Многие фронтовики в своих интервью говорят, что полковые и дивизионные оперуполномоченные отдела Смерш только «шили дела» по поводу и без и увешивали себя орденами, не совершая на фронте ничего героического.
Ваше отношение к подобным высказываниям?
Насчет орденов — я с ними соглашусь. В Смерше для офицеров на ордена не скупились, и никто не мог понять, как «работает наградная кухня» в отделе контрразведки. Старший лейтенант Трайдук за полтора года получил четыре боевых ордена, при этом ни разу не был на передовой. Он, ни разу не ходивший за линию фронта и не принимавший участия в ликвидации какой-либо диверсионной группы, имел боевых наград на кителе больше, чем любой стрелковый комбат.
Рядовых красноармейцев и сержантов, служивших в Смерше, почти не награждали, только в самом конце войны отметили несколько человек орденами и медалями.
Я пришел в контрразведку с боевой медалью, и в мае 1945 года за участие в спецоперации во время штурма Берлина меня наградили орденом Красной Звезды.
А вот насчет огульной негативной оценки деятельности Особых отделов — это откровенный перебор. Количество обезвреженных органами контрразведки предателей, диверсантов, шпионов, карателей и прочей сволочи говорит само за себя.
Конечно, деятельность смершевцев непосредственно в передовых частях была неоднозначной, там действительно было много произвола, как тогда говорили — «Лес рубят, щепки летят», под трибунал на войне отдавали и подводили за любую мелочь.
В Смерше служили разные люди, были и такие сволочи, кто «шил дела», но были и порядочные и справедливые, те, кто рисковал жизнью и честно выполнял свой офицерский долг.
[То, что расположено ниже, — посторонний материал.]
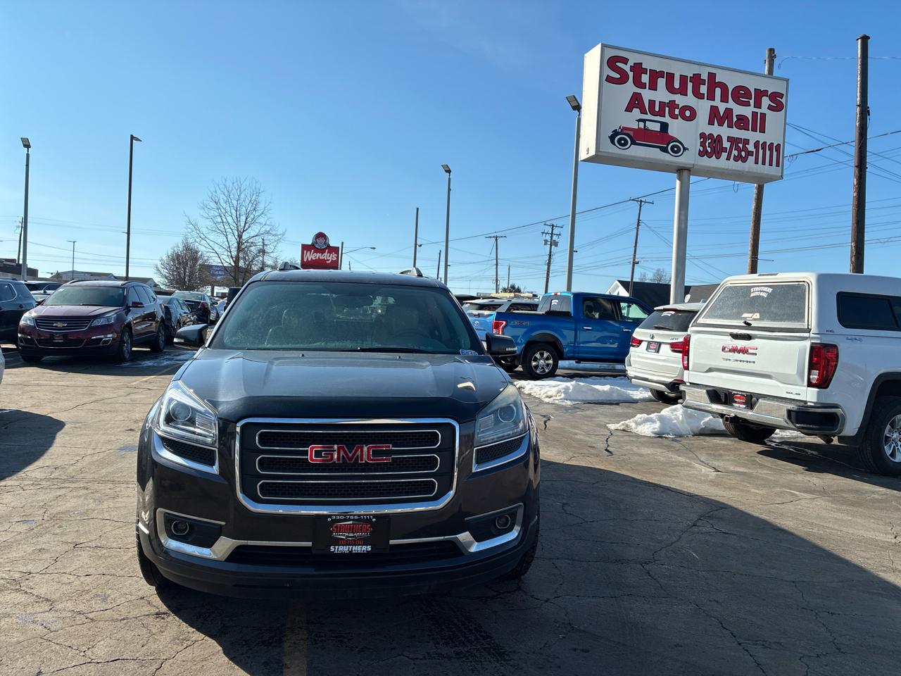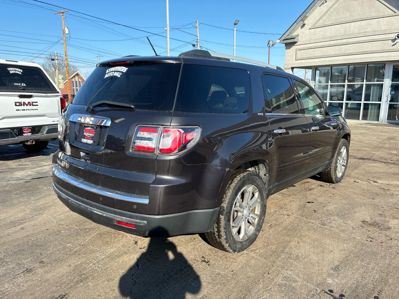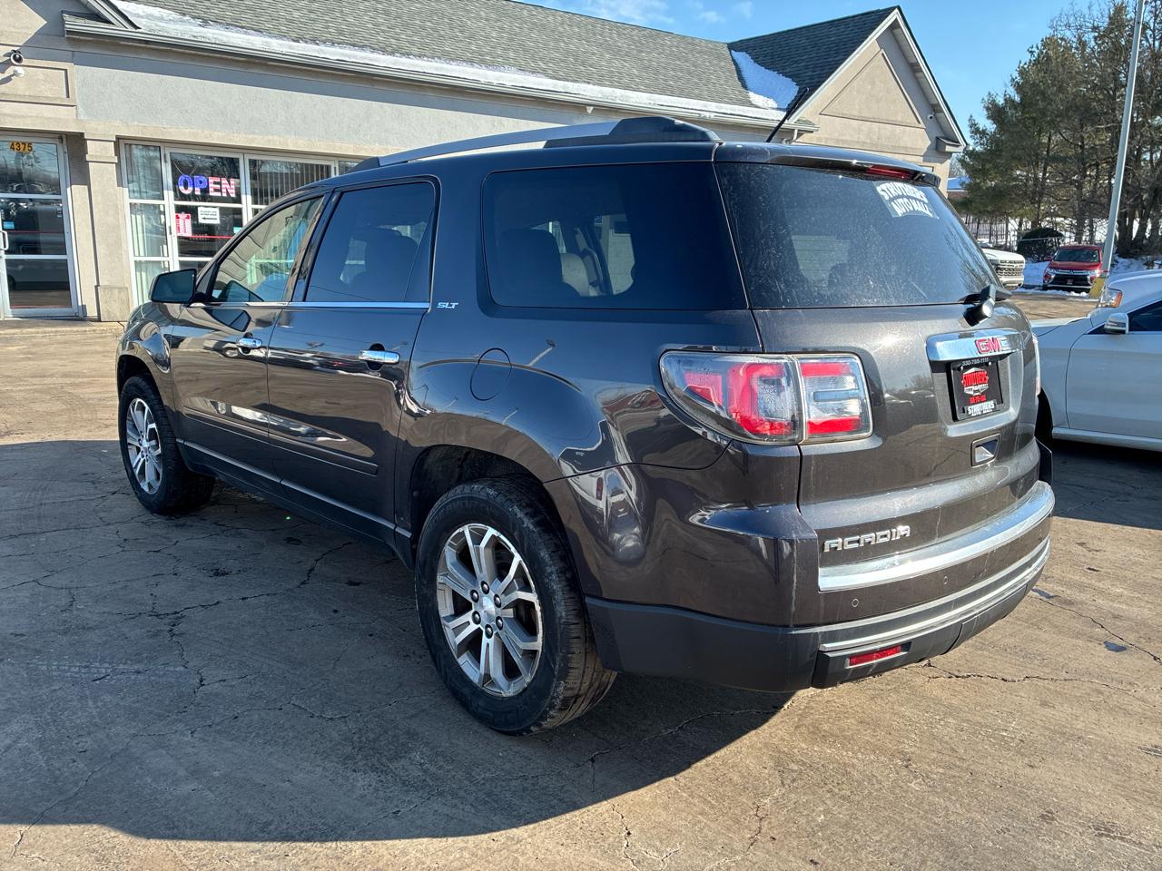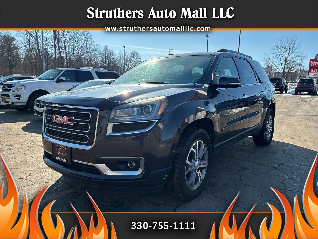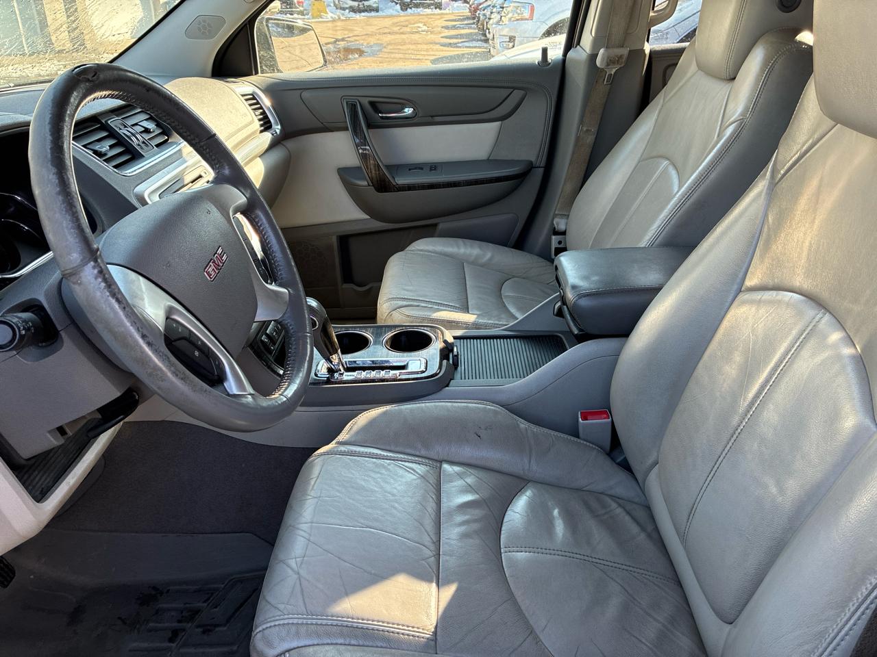 Get ready to take your family on countless adventures with this sleek and reliable 2015 GMC Acadia in classic Gray. This spacious SUV comes loaded with safety features to give you peace of mind on the road, including child safety door locks and multiple airbags. You'll love the convenience of power door locks and keyless entry, making getting in and out a breeze. With separate climate controls, everyone can ride in comfort no matter the weather outside. The leather seats add a touch of luxury, especially with front heated seats for those chilly mornings. Whether you're cruising down the highway or navigating through city streets, the traction control and stability control system will keep you on track. The alloy wheels and rear spoiler give this Acadia a sporty edge, while the rear window defogger and automatic headlights add to the overall convenience. Tackle any journey with confidence, knowing that a detailed Carfax report is available for this exceptional vehicle. Don't miss out on this incredible opportunity to make memories in style!

Я всяких повидал. На эту тему можно говорить долго, но каждый останется при своем мнении…
Как вы можете охарактеризовать отношение армии к гражданскому населению?
Всякое случалось на первых порах после вторжения в Германию.
Я помню, что творилось первые три дня после захвата Штеттина, все дороги были покрыты перьями от перин, на подходах к городу были поставлены плакаты «Кровь за кровь!», а трупы гражданских тут и там не вызывали ни у кого удивления. Как будто монгольская орда прошла.
А когда командованию стало ясно, что пришла пора срочно обуздать мстительный порыв передовых частей, тогда и появился приказ маршала Жукова — «За насилие и мародерство отдавать под трибунал и расстреливать»…
Затем появилась статья Александрова «Товарищ Эренбург упрощает», и командиры вместе с политработниками и трибунальцами смогли вернуть дисциплину в армейских частях.
Сам факт, что из пехоты вы попали служить переводчиком в подразделение Смерш, как вами воспринимался? Насколько опасной была ваша служба в ОКР?
Я туда сам служить не напрашивался. Мне отдали приказ, я его выполнил. Конечно, на передовой, в пехоте, меня бы непременно убили, а так волею случая я уцелел на войне…
До Берлина оставалось километров шестьдесят, и тут я случайно столкнулся в штабе армии с лейтенантом-смершевцем из моего полка, который первым проверял меня на Никопольском плацдарме. Я спросил его: «Как там мой батальон?» — а он в ответ махнул рукой и произнес: «Никого не осталось»… В Смерше у меня было всего несколько случаев, когда я мог погибнуть, а в пехоте у рядового бойца каждый день был как последний.
Погибнуть можно было везде: и на передовой, и в армейском тылу, смерть не всегда разбирала — кто, где, когда и кого первым к себе прибрать…
Кстати, один раз Трайдук фактически спас мне жизнь: мы шли по лесу, и я увидел на земле приоткрытую полированную деревянную коробку и только потянулся к ней, как Трайдук закричал: «Не закрывай! Это мина!» — так и оказалось…
В самом конце войны я чуть не погиб по-глупому. Во Франфуркте-на-Одере на территории конюшни был устроен временный лагерь для военнопленных, там собрали примерно тысячу немцев. Мы весной 1945 года все немного «расслабились», так как привыкли наблюдать, как тысячные колонны пленных спокойно идут в наш тыл под конвоем из семи-десяти бойцов, и мы вообще перестали чего-либо бояться. Я зашел на территорию лагеря один и сам не заметил, как немцы окружили меня «стеной» со всех сторон, да так грамотно это сделали, что охране лагеря я не был виден. И тут один верзила двухметрового роста валит меня на землю и начинает душить… Уже через несколько секунд раздался выстрел, пуля попала немцу прямо в лоб, и мертвый детина завалился на землю рядом со мной, а остальные отхлынули по сторонам.